## SUPPLIED ENTRIES
# # # #

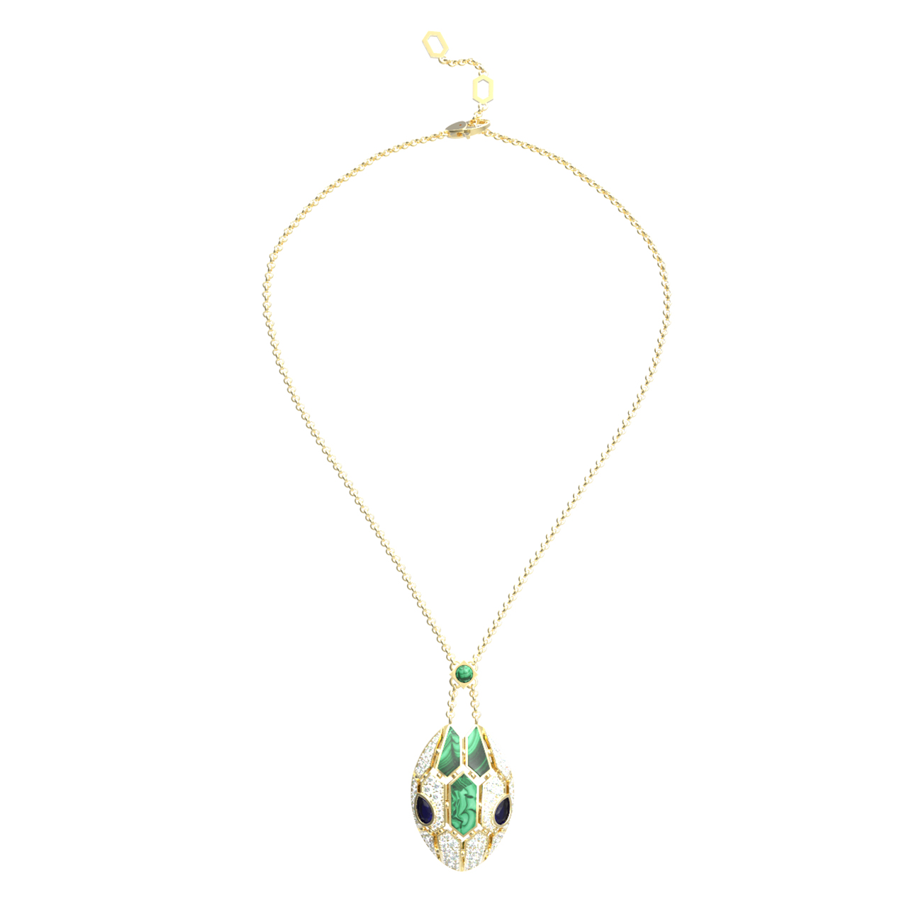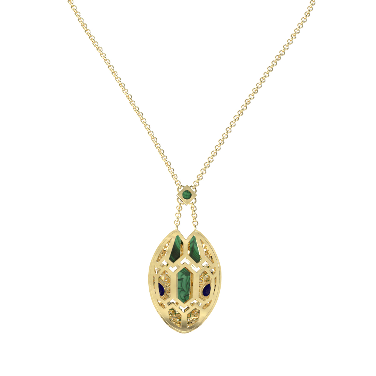 Колье из лимонного золота c бриллиантами, сапфиром и малахитом
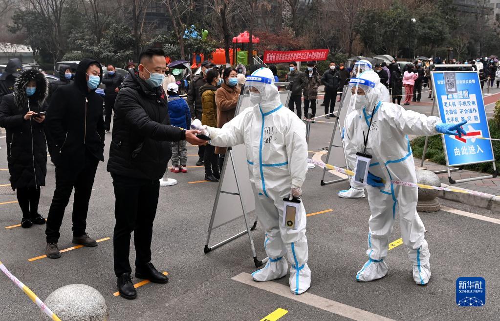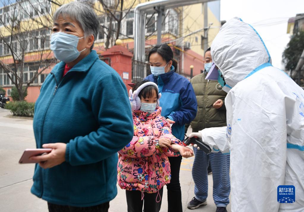 12月23日,西安市蓮湖區(qū)一處社區(qū),工作人員為接受核酸檢測(cè)的居民測(cè)溫。新華社記者 張博文 攝
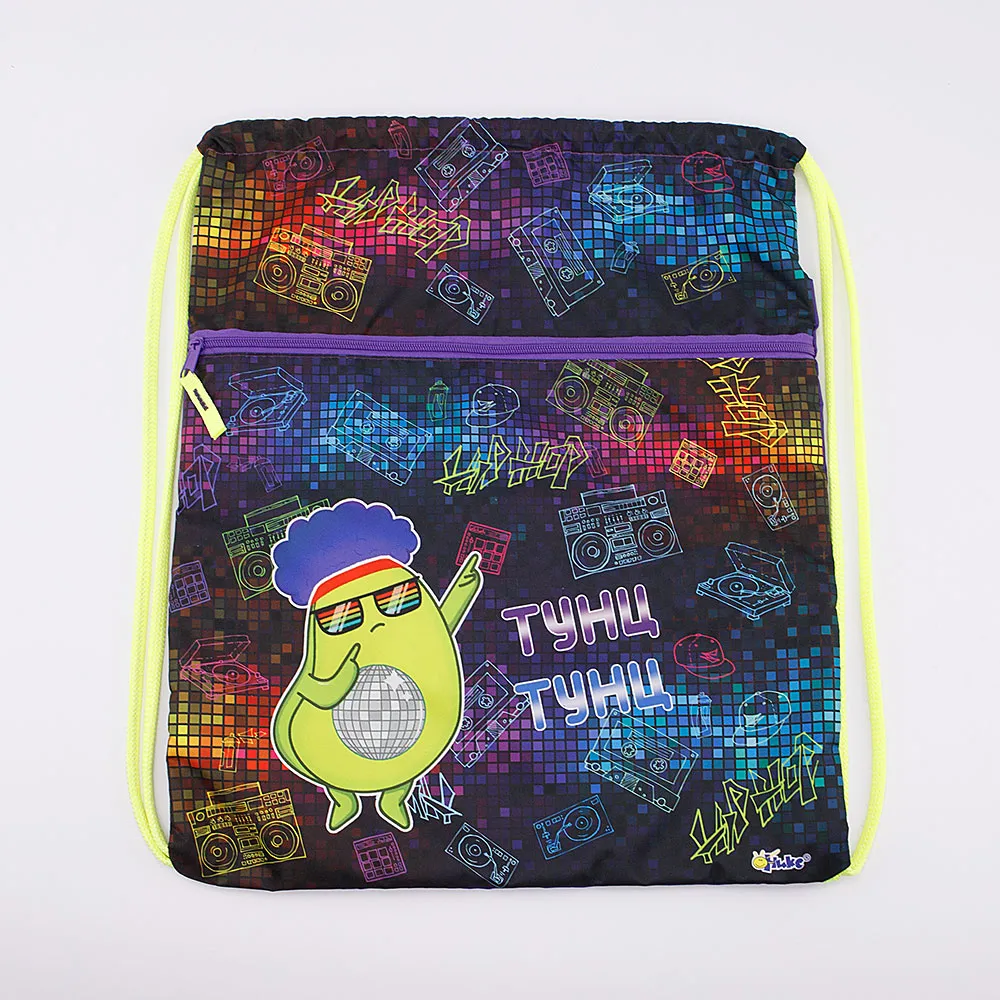 Мешок для обуви от торговой марки Оникс из текстильного материала. Декорирован оригинальным ярким принтом с изображением авокадо. Мо дель с дополнительным карманом на молнии и вентилируемой сетчатой вставкой. Затягивается шнурками, выполняющими роль плечевых лямок. Удобный практичный аксессуар для сменной обуви, спортивных тренировок, прогулок и походов.
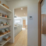 玄関からリビングへ向かう動線とは別に、土間収納からパントリーを通りキッチンへとつながる“帰宅動線”を確保。買い物帰りにはそのまま荷物をキッチンへ運べるため、無駄な移動がなく家事効率を高めてくれます。土間収納にはアウトドア用品やベビーカーなども収納でき、パントリーでは食品や日用品をすっきり管理可能。
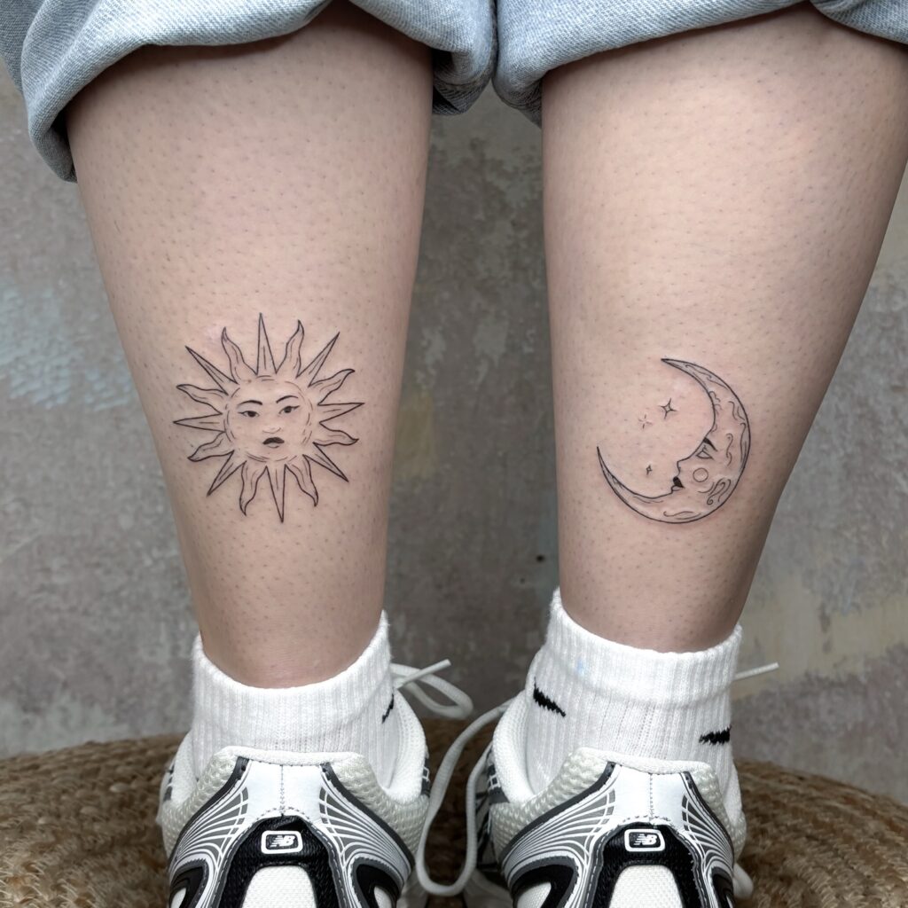 This paired calf tattoo features a stylized sun on one leg and a crescent moon on the other, creating visual harmony through balance and symmetry. The linework is clean and illustrative, with subtle facial expressions that give both celestial bodies a calm, almost human presence. Together, they represent duality, light and dark, and emotional equilibrium.
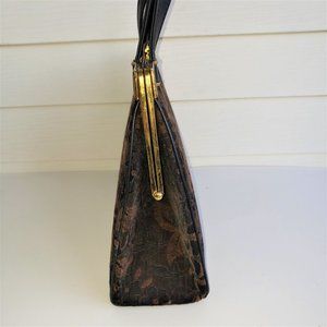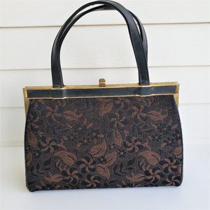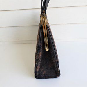 Vintage 50s/60s Brown Floral Tapestry Leather Top Handle Handbag
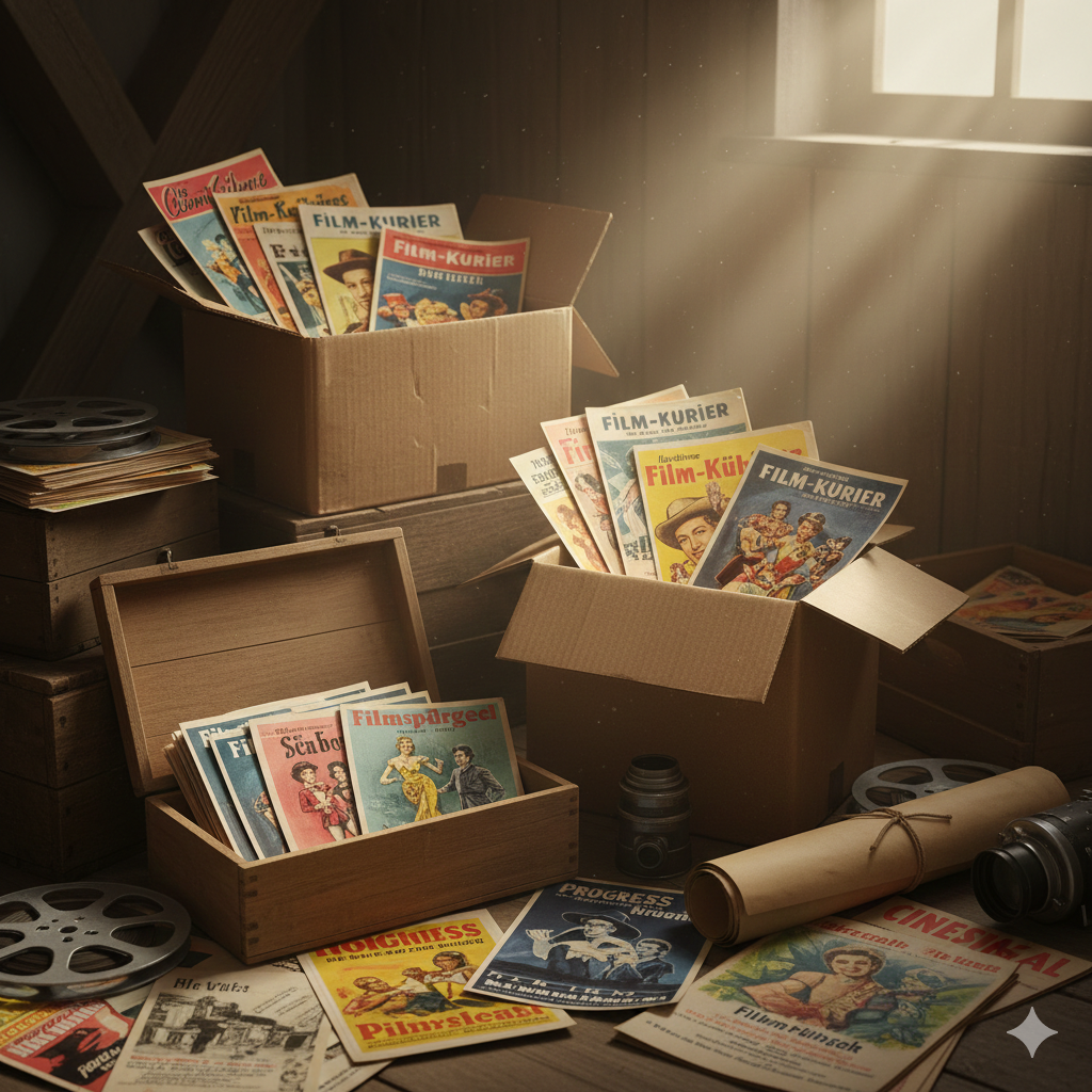 Filmprogramme spenden, alte Kinoprogramme sammeln, UFA Filmprogramme, DEFA Filmhefte, Illustrierte Film-Bühne Sammlung, kolorierte Aushangfotos, Kinoreklame Archiv, historische Filmplakate, Film-Kurier spenden, Kino-Memorabilia erhalten, Filmspiegel DDR, Licht-Bild-Bühne Raritäten.
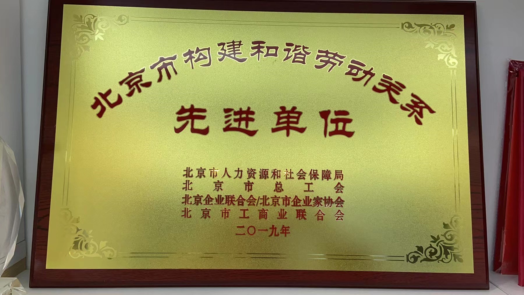 2019年北京市构建和谐劳动关系先进单位
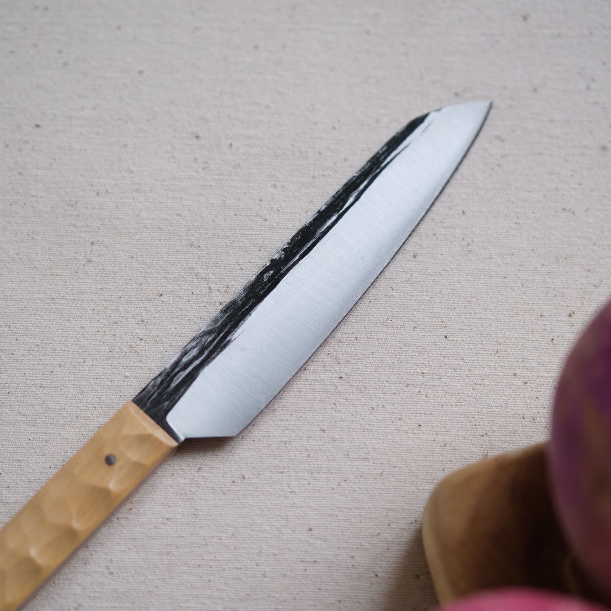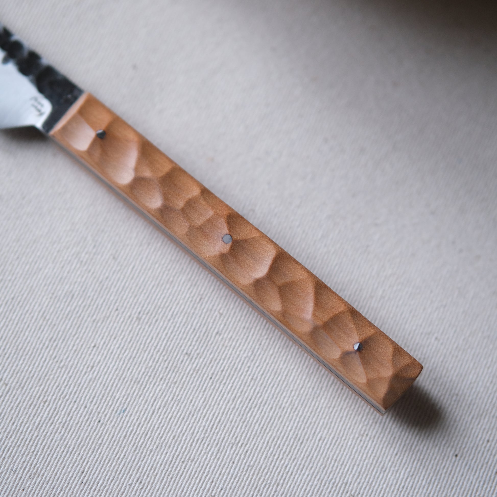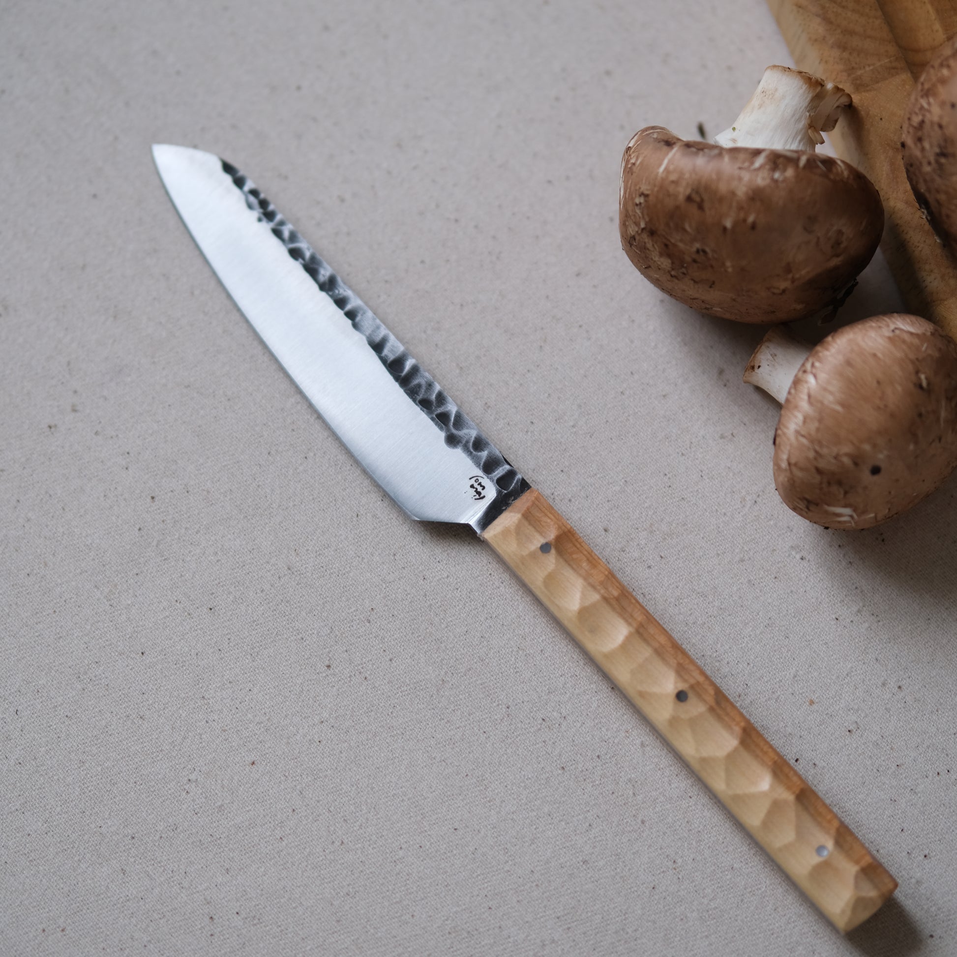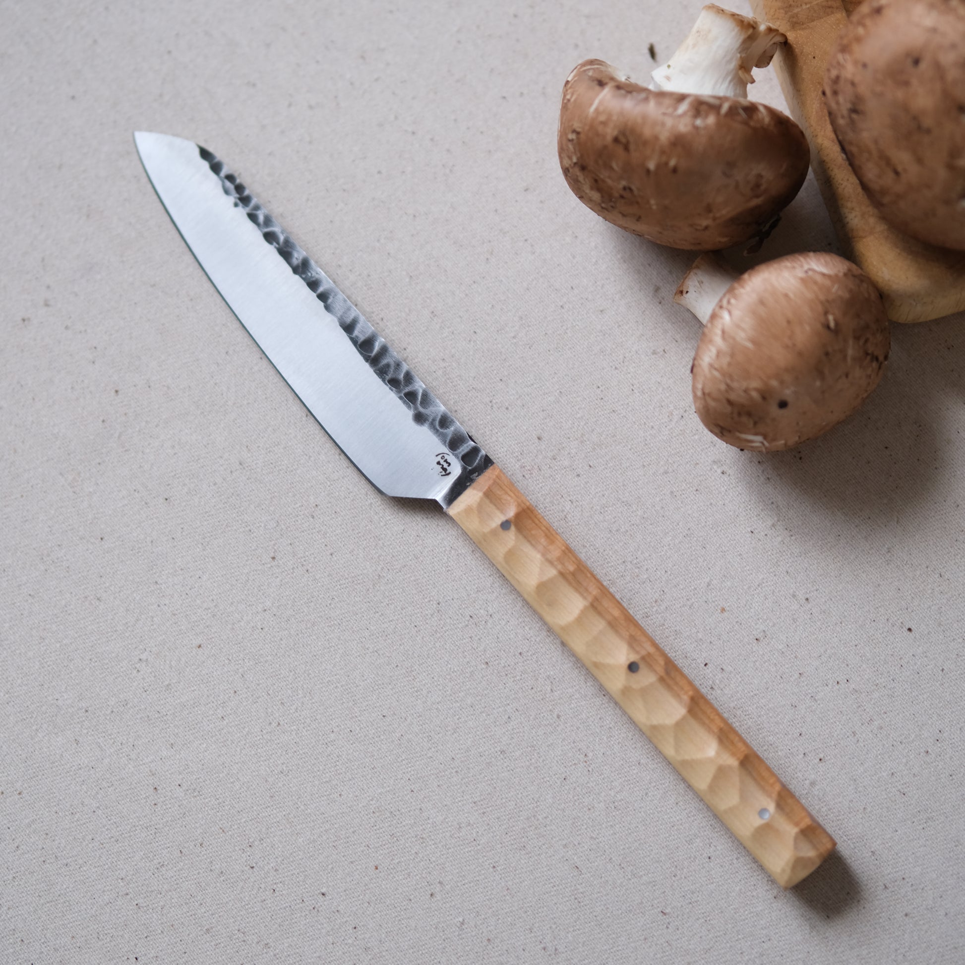 Chaque couteau de cuisine est réalisé entièrement à la main par mes soins dans mon atelier en Touraine (dessin, découpe & mise en forme de la lame, traitements thermiques, découpe et façonnage du manche, polissage, rivetage)

# # # #

## AIM OF THE TASK
The expected output is an exact copy of the lines from the one holding "Vintage 50s/60s Brown" through the last line of the listing above, with the pictures omitted.

## COMPLETED TASK
 Vintage 50s/60s Brown Floral Tapestry Leather Top Handle Handbag
 Filmprogramme spenden, alte Kinoprogramme sammeln, UFA Filmprogramme, DEFA Filmhefte, Illustrierte Film-Bühne Sammlung, kolorierte Aushangfotos, Kinoreklame Archiv, historische Filmplakate, Film-Kurier spenden, Kino-Memorabilia erhalten, Filmspiegel DDR, Licht-Bild-Bühne Raritäten.
 2019年北京市构建和谐劳动关系先进单位
 Chaque couteau de cuisine est réalisé entièrement à la main par mes soins dans mon atelier en Touraine (dessin, découpe & mise en forme de la lame, traitements thermiques, découpe et façonnage du manche, polissage, rivetage)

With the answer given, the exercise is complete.